NGINX as a Collection Point for API Metadata
Being one of the two dominant web server technologies in use today, NGINX is privy to an impressive chunk of web traffic. The best web technologists reuse the same trusted core tools from project to project, and NGINX has built a reputation for being fast, powerful, and stable. It’s not surprising, then, that when web APIs became a popular technology pattern, NGINX became one of the common tools on top of which many core API management requirements became implemented, such as routing, rate limiting, authentication, and more. Not only does NGINX see a lot of web traffic, it sees a lot of web API traffic specifically.
The mechanism for extending NGINX is an important contributor to its enduring success. There is a rich set of open source and third‑party modules built for NGINX. Entire systems and platforms are built around NGINX as the core technology. We see NGINX as a strategic point of data collection when it comes to feeding API traffic metadata into PingIntelligence for APIs.
Integrating NGINX with PingIntelligence for APIs
Ping Identity has now released an NGINX integration for PingIntelligence for APIs. All interaction between NGINX and PingIntelligence for APIs goes through our API Security Enforcer (ASE) component, which acts as a sideband to NGINX rather than inserting itself into the API path. The ASE takes in API traffic metadata from NGINX and communicates back to the API traffic node about whether or not to block an API client.
The NGINX integration is composed of three separate modules:
- ngx_ase_integration_module.so – Provides a communication channel for the sideband ASE and is used by the other two modules.
- ngx_http_ase_integration_request_module.so – Installs an event handler in the
NGINX_HTTP_ACCESS_PHASE
of NGINX processing; it collects the relevant metadata about the incoming API call and sends it to the ASE. The ASE returns the blacklist status of the API client.

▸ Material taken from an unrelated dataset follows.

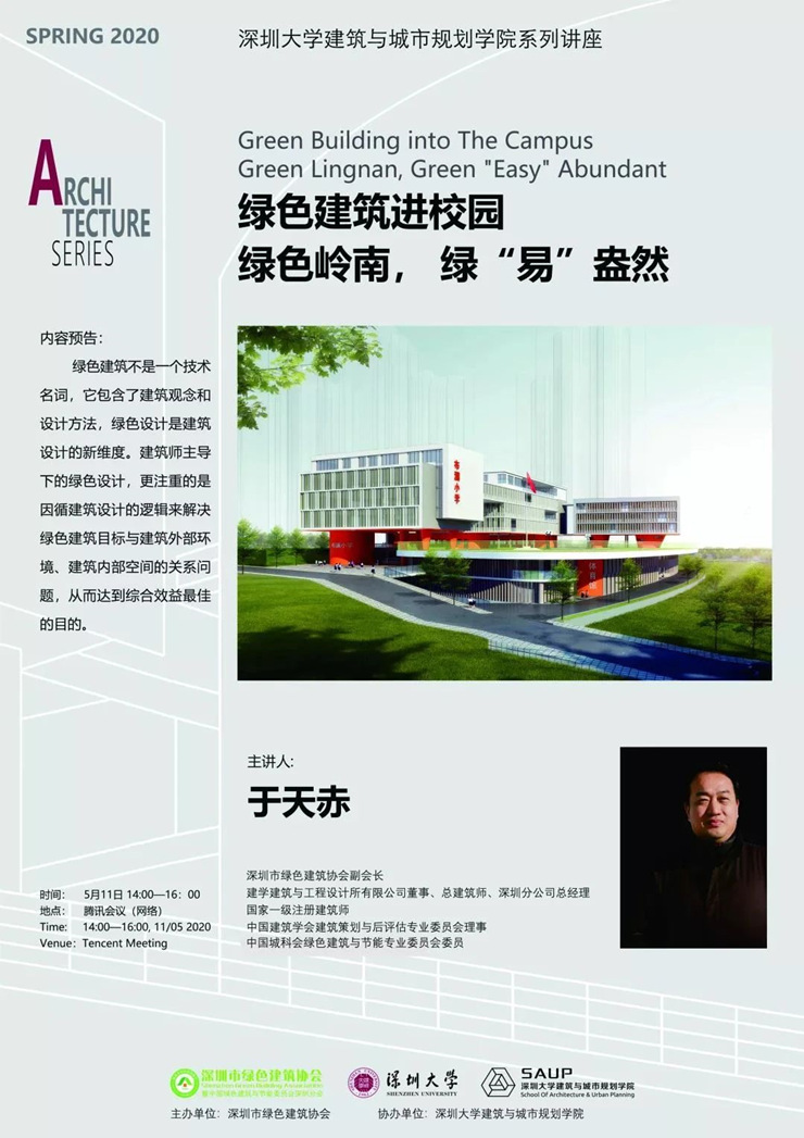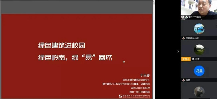 近日,由深圳市綠色建筑協(xié)會(huì)主辦、深圳大學(xué)建筑與城市規(guī)劃學(xué)院協(xié)辦的“綠色建筑進(jìn)校園——綠色嶺南,綠‘易’盎然”線上講座成功舉辦。此次講座由深圳市綠色建筑協(xié)會(huì)副會(huì)長(zhǎng)、建學(xué)建筑與工程設(shè)計(jì)所有限公司董事、總建筑師、深圳分公司總經(jīng)理于天赤主講,來(lái)自深圳大學(xué)的青年學(xué)生及有關(guān)行業(yè)技術(shù)人員共180余人參加。
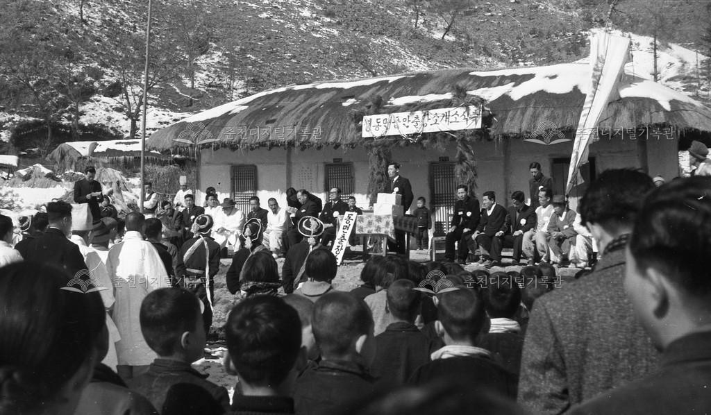 동면 품안출장소 개소식 등록번호 00016562 생산일자 미상 생산지역 동면 품안리 생산자 미상 수집처 이경애 소장자 이경애 내용 1960년대 동면 품안출장소 개소식 행사 모습이다. 초가집 청사의 모습에서 1960년대 시대적 상황을 엿볼 수 있다. 사용안내 비상업적 이용만 가능|©춘천디지털기록관 상업적 사용·수정·재배포는 저작권자 동의 필요 다운로드 목록보기

The actual analysis of the API metadata is out‑of‑band. - ngx_http_ase_integration_response_module.so – Installs a response filter which correlates the API response metadata with the request, again for out‑of‑band analysis.
If you have a PingIntelligence for APIs subscription, you can download the modules from our website. We also offer a free trial of PingIntelligence for APIs. The download includes a script that adds the ASE configuration to the NGINX configuration, and the modules can be built and started in static or dynamic modes.
PingIntelligence for APIs Provides Detailed Analysis and Anomaly Detection
On its side, PingIntelligence for APIs itself requires little to no configuration; once the connection between NGINX and the ASE is established, PingIntelligence for APIs automatically receives API traffic metadata from the NGINX server. Your APIs are discovered and the history of your API traffic is preserved for later analysis. Dashboards and reports provide insights into your APIs and how your users are calling them, plus detailed forensics for each token and key used to access your APIs.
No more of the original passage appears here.